Atas kebaikan Bapak dan Ibu penjaga Kebun tea, akhirnya kami bisa berbincang, aku menjelaskan semua peristiwa yang sudah terjadi dari A sampai Z, aku melihat raut wajah angkuh, yang selalu cuek saat berhadapan dengan ku berubah menjadi hangat.

“aku terharu, kamu wanita yang hebat dengan Kesabaran luar biasa” ucapannya membuatku melambung tinggi ke langkit 7.
“Hehe,” … selama di Formosa baru pertama kali ini aku tertawa lepas tanpa beban.
“Terima kasih”
“Aku akan membantu semua dokumen kepulanganmu ke tanah air, maafkan atas semua kesalahan Takeke, mama yang selalu menghina dan menyiksamu, juga maafkan aku karena terlambat menyelamatkanmu, kamu wanita hebat yang pertama kutemui”ucapnya sambil melepar senyum manis ke arahku
“eeh” sahutku spontan

Aku tidak pernah menyangka, ia bisa mengucapkan kalimat semanis itu, yang mampu membuatku merasa menjadi wanita sesungguhnya.
Waktu terus berputar, dan hari berganti dengan sangat cepat, tidak terasa saat yang di nanti akhirnya tiba, hari kepulanganku ke negeri tercinta. Atas semua kebaikan hati seorang pria yang membuatku lepas dari semua luka, dan aku seperti memiliki sebuah impian baru.

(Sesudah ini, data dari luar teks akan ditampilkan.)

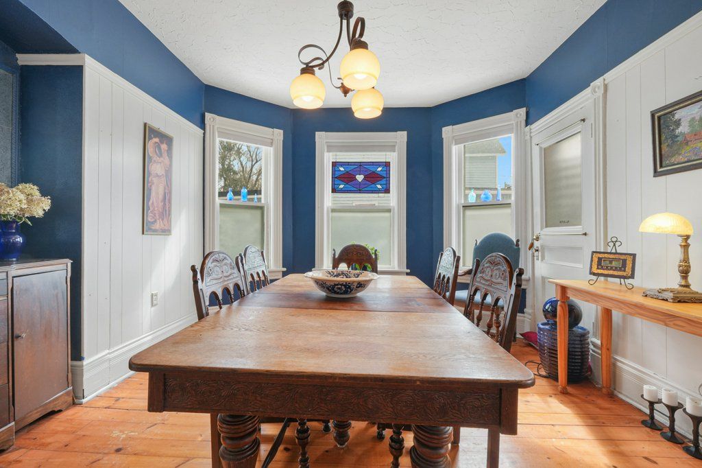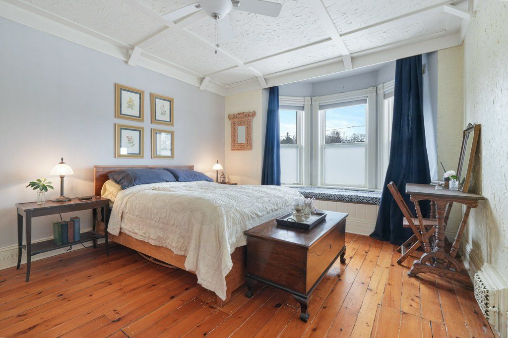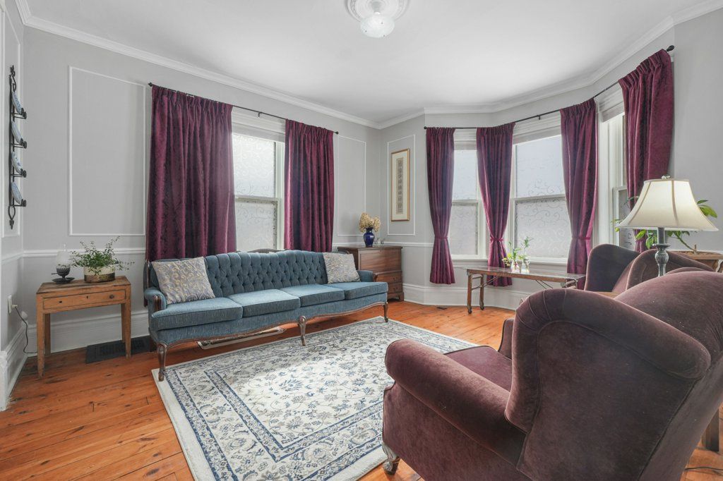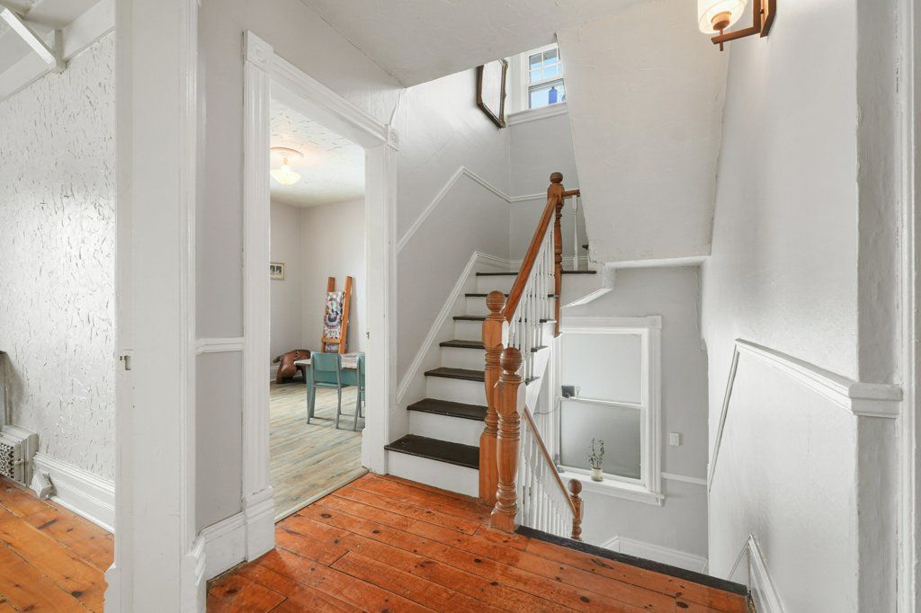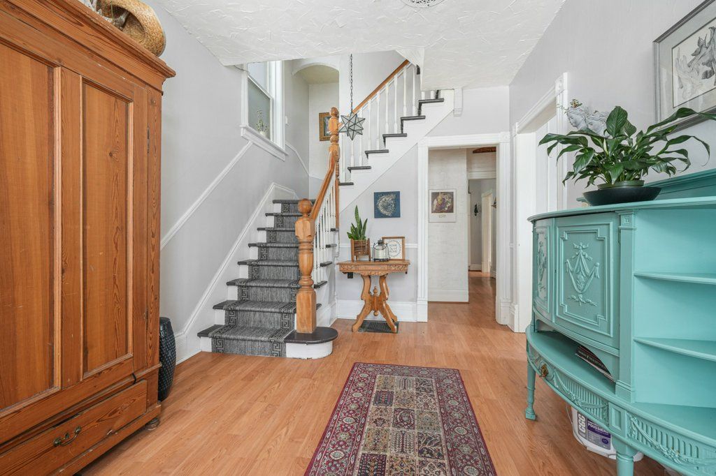 Timeless brick home with room to grow tucked into a private rear yard in town - where charm, space and privacy come together. This is the kind of property that feels special the moment you arrive - mature gardens and a private sundeck overlooking it all. Inside you'll find over 2,600 sq. Ft of thoughtfully lived in space that blends character with everyday comfort. The foyer welcomes you with high ceilings and a classic staircase that sets the tone. Formal living and dining rooms feature beautiful bay windows while the bright updated kitchen with island is ready for both quiet mornings and busy family evenings. A comfortable family room with an airtight woodstove and large picture windows brings the outdoors in. A sauna with shower along with main floor laundry and additional storage completes the space. The second floor offers four well sized bedrooms, a full bathroom and a walkout to the roof overlooking the rear yard. The third floor adds even more flexibility perfect for an office, reading nook, yoga space or guest area with additional attic storage beyond. Original details like high baseboards, rich woodwork and pocket doors carry throughout adding timeless charm. A solid character-filled home with space to grow inside and out - ready for your next chapter.
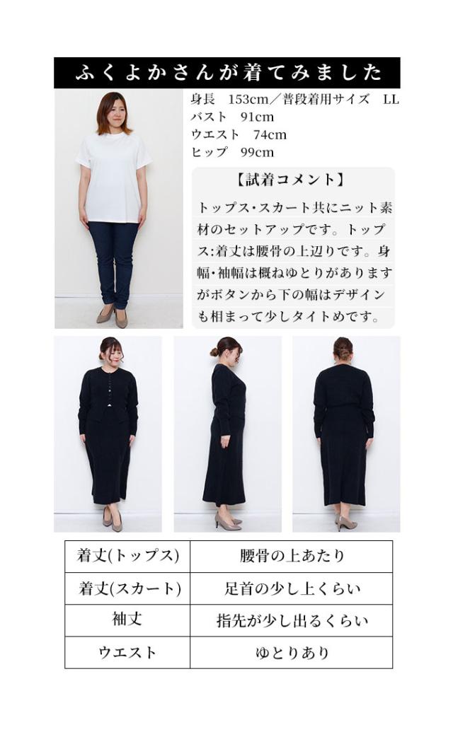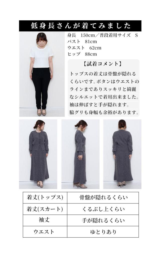 トップスの着丈は骨盤が隠れるくらいです。ボタンはウエストのラインまであり、スッキリと綺麗なシルエットで着用出来ました。袖は伸ばすと手が隠れます。ドロップショルダーで脇グリも身幅も余裕がありました。スカートの着丈はくるぶし上くらいです。ウエストは総ゴムで伸縮性があり少し余裕がありました。程よく広がるシルエットで体型を拾わず楽に着用出来ました。起毛した柔らかいニットであたたかく肌触り良かったです。ロングですがトップスが短めなのでスッキリして見えました。

“Ekeke adalah orang yang sangat baik, andaiku mengenalnya jauh lebih awal, andaikan aku tidak memilih kabur dan andaikan saja kakaknya tidak menodaiku? gerutuku dalam hati
“aah, …. “ sesalku dalam hati

Keperluan kepulanganku Ekeke sudah mempersiapkan semuanya, ia juga memberikan sejumlah uang, dan, sebelum aku pergi meninggalkan Formosa, ia mengucapkan satu kalimat yang membuat jantungku melaju cepat, kaget, bahagia, dan sedih.
“我爱你 (wo ai ni) “ ucapnya membuatku lemas.

Satu kalimat yang tidak pernahku duga akan keluar dari bibirnya, wajah putih dengan tatapan mata teduh, senyum manis merekah dibibirnya. “Ekeke, kamu tampan sekali” gumamku dalam hati.

Dengan langkah kaki terasa berat, aku meninggalkan Formosa, sikap hangat Ekeke membuatku ingin tetap tinggal, berada di sampingnya membuatku merasa aman. Tapi. Sudah waktunya aku untuk pulang, kembali ke kampung halaman.

Selamat Tinggal Formosa, sampai jumpa Ekeke. Aku pasti akan merindukanmu, kau sudah merubah pandanganku tentang Formosa yang menakutkan menjadi menyenangkan.

“Terima kasih Ekeke, wo ai ni” ucapku lirih sambil melambaikan kedua tangan meninggalkan Formosa, dan orang yang sudah mengambil hatiku.